Don’t Write Out of Order

Envision your scene, and write in the sequence that it happens.  Do not write out of sequence.

Wrong:  John ducked, after hearing the shot

Right:  After hearing the shot, John ducked.

Wrong:  Angelina read the secret document, after stealing it from her boss.

Right:  After stealing the secret document from her boss, Angelina read it.

Okay, those are very simple examples, found in lots of text books.  Let me give you something more complicated to examine.  I came across these lines in an otherwise farely decent story.  In this story a couple are dancing:

“Wait!” said Billy, holding her hand as if it were a delicate butterfly.  “At least, tell me your name.”

“Susan,” she said, over her shoulder and pulled her hand free, as she scampered across the floor.

Did this scene make you pause?  Do you see the awkwardness of the sequence?  The couple is dancing; he asks a question, and she says her name over her shoulder…   Uh?  What?  What’s happening here?  Are they spoon dancing with her backside to him?  Maybe, it’s the Rumba or the Tango?  Then we find that he’s holding her hand, so I guess their doing the Rumba and he’s got his hands wrapped around her and is holding her hands in front of her belly.  Then she pulls her hand free and runs away—geeze, I hope he let go.

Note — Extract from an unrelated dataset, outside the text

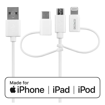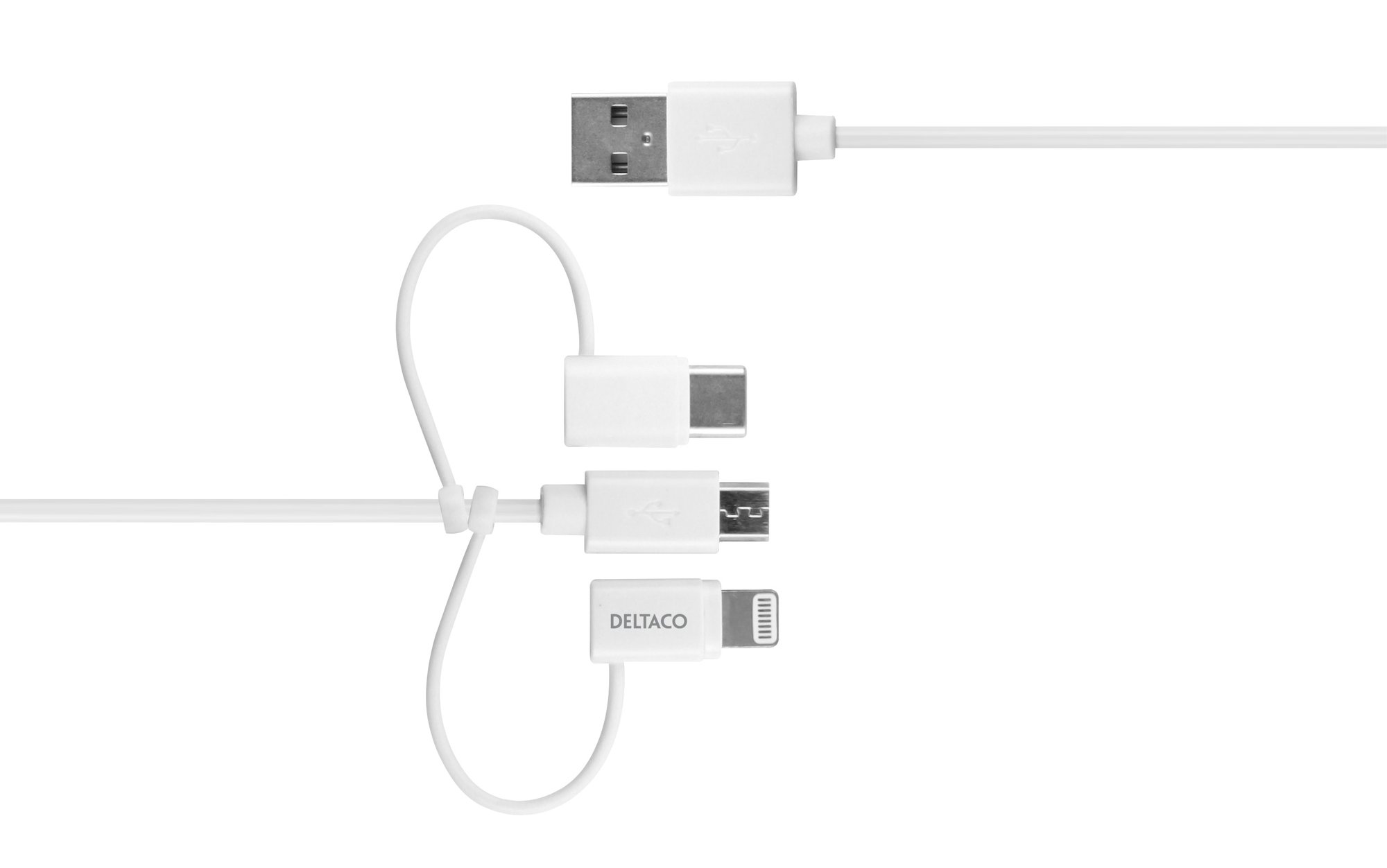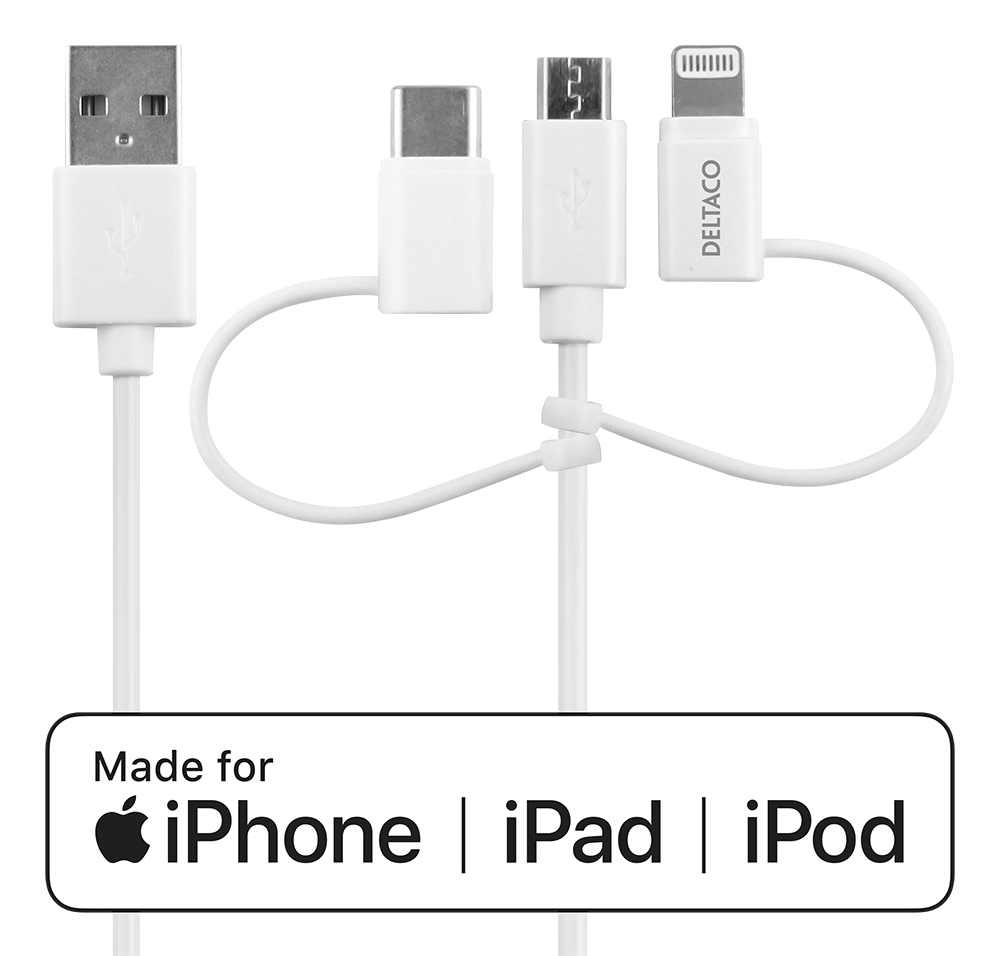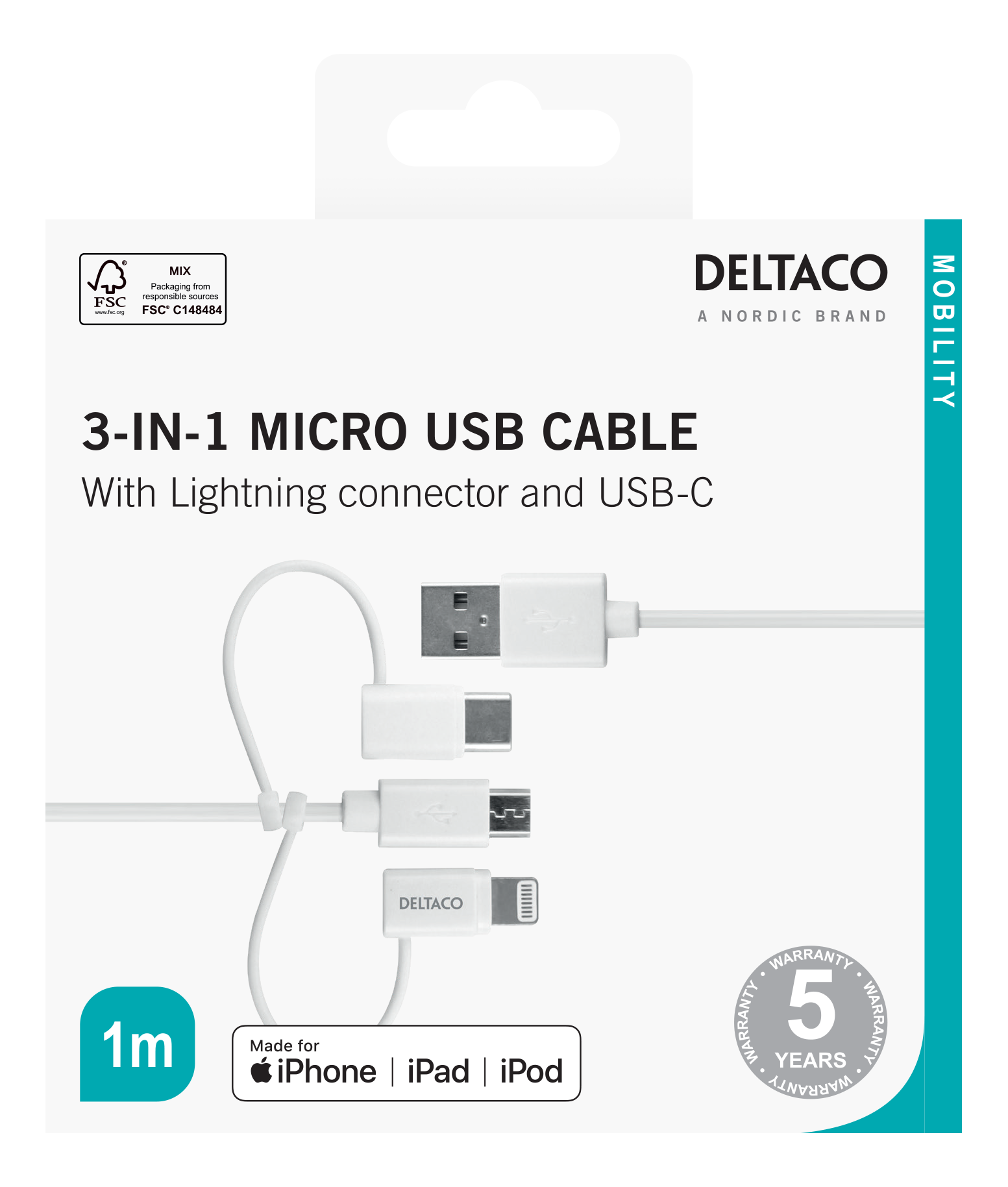 Dette 3-i-1 Usb-kabel fra Deltaco giver dig mulighed for at synkronisere eller oplade de fleste mobile enheder på markedet. Kablet er udstyret med Usb-C, Micro Usb og Lightning-stik, hvilket gør det alsidigt og praktisk.

Well, I guess it could happen that way, but I don’t think the writer envisioned the scene that way.  Here’s another possible sequence:

“Wait!” Billy said, holding her hand as if it were a delicate butterfly.  “At least, tell me your name.”

She pulled her hand free and scamper away.  Billy thought he’d never see her again and then, at the last moment, she stopped, smiled back at him and whispered, “Susan.”


Sequence, people, sequence.  Write it the way it happened.  One-two-three.  See it, analyze it, and write it.

Happy Writing… You know, I’d blog more if I thought you were listening.  Whaha!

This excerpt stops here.